Nuovo tassello nella diatriba tra la Iaaf (Associazione Internazionale delle Federazioni di Atletica Leggera) e la due volte campionessa olimpica degli 800 metri piani (nel 2012 a Londra e nel 2016 in Brasile) Caster Semenya.
Dopo che il Tribunale di Arbitrato dello Sport di Losanna ha dato ragione alla Iaaf, l’atleta sudafricana aveva accusato la federazione di atletica di averla usata “come cavia da laboratorio nella faccenda riguardante il nuovo regolamento sugli atleti iperandrogenici”.

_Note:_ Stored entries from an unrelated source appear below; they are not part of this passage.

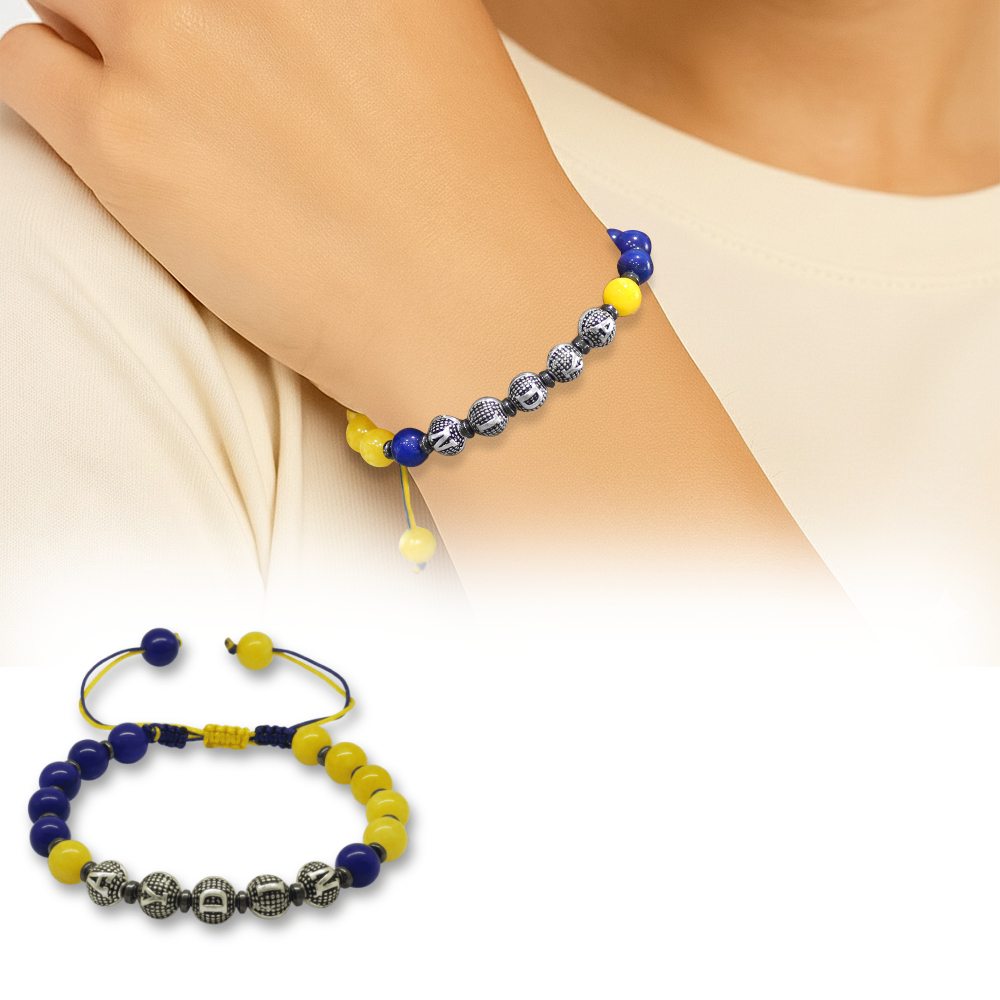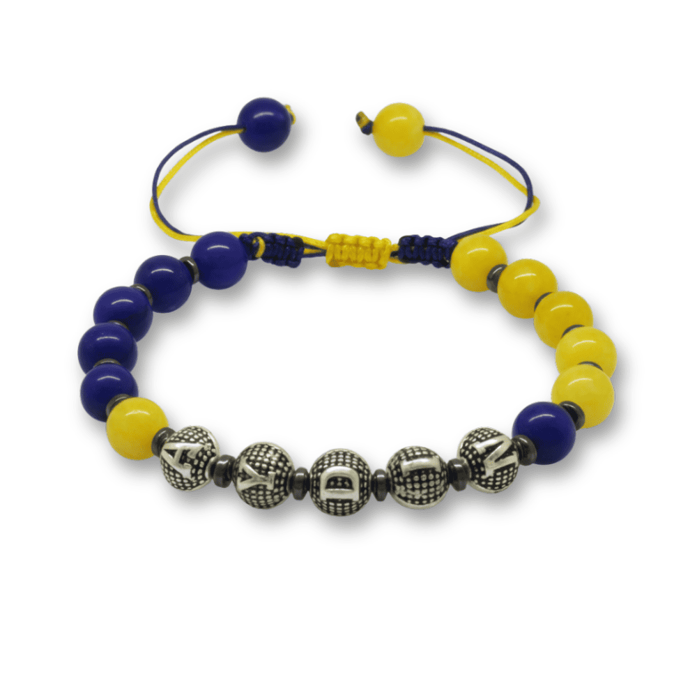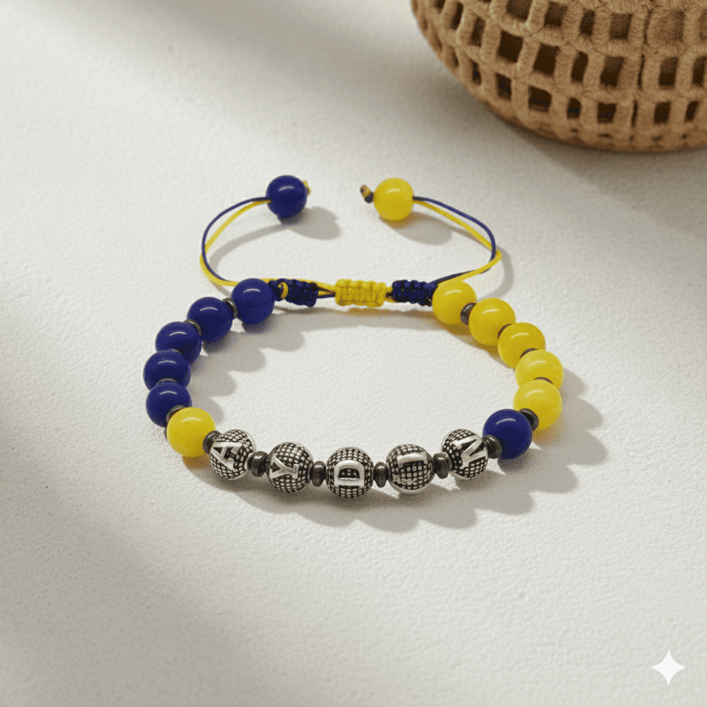 İsme Özel Yazılı Makrome Örgü Küre Kesim Sarı Lacivert Jade Hematit Doğaltaş Kadın Taraftar Bileklik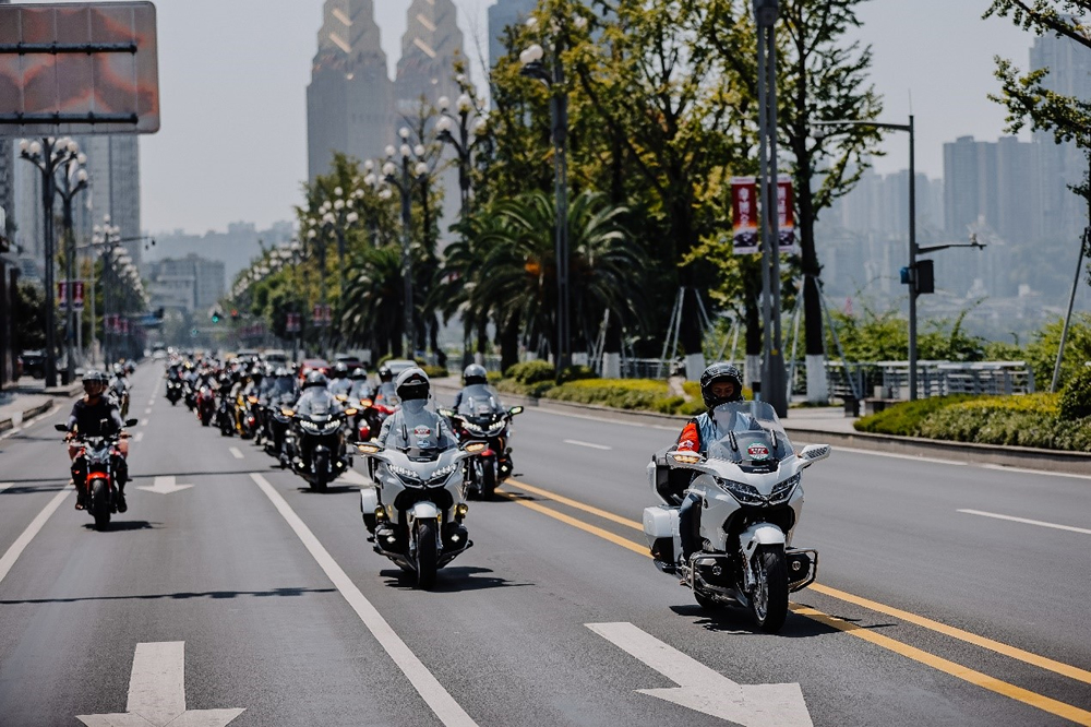 此外,Honda DreamWing重庆品牌特约店还开展了“2023 Honda翼起释FUN骑士汇”活动,为用户提供了一次非比寻常的骑行体验。本次活动,邀请了八十余名Honda用户组成骑行队伍,一路骑行至重庆摩展展会现场。还邀请了资深媒体朋友现场分享活动感悟,与众多摩托车爱好者齐聚Honda Motorcycle展台,深度交流骑行心得,一起畅聊骑行乐趣。同时,本田技研工业(中国)投资有限公司执行副总经理 尾形淳史先生,以及Honda DreamWing重庆店董事长 刘锐先生也在现场发表了讲话,希望此次活动的开展能让用户充分感受到Honda摩托车带来的多样化FUN趣骑行生活。
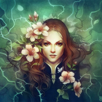 a serious expression. The artwork depicts her in profile view, with peach blossoms adorning the top right side of her head, adding a touch of

La Semenya aveva aggiunto: “Non permetterò più che usino il mio corpo”, dopo essere stata costretta a sottoporsi a test del sesso e a cure ormonali per poter gareggiare. Secondo le regole, infatti, lei – come le altre atlete che soffrono di iperandrogenismo (ovvero una eccessiva produzione di ormoni maschili) – devono sottoporsi a una terapia ormonale per ridurre i propri livelli di testosterone.
La Iaaf ha quindi ribadito quest’oggi: “È biologicamente un maschio”, pubblicando un documento di 163 pagine del Tas la cui tesi è che Semenya è una di quelle atlete “biologicamente uomini ma con tratti d’identità di genere femminile”.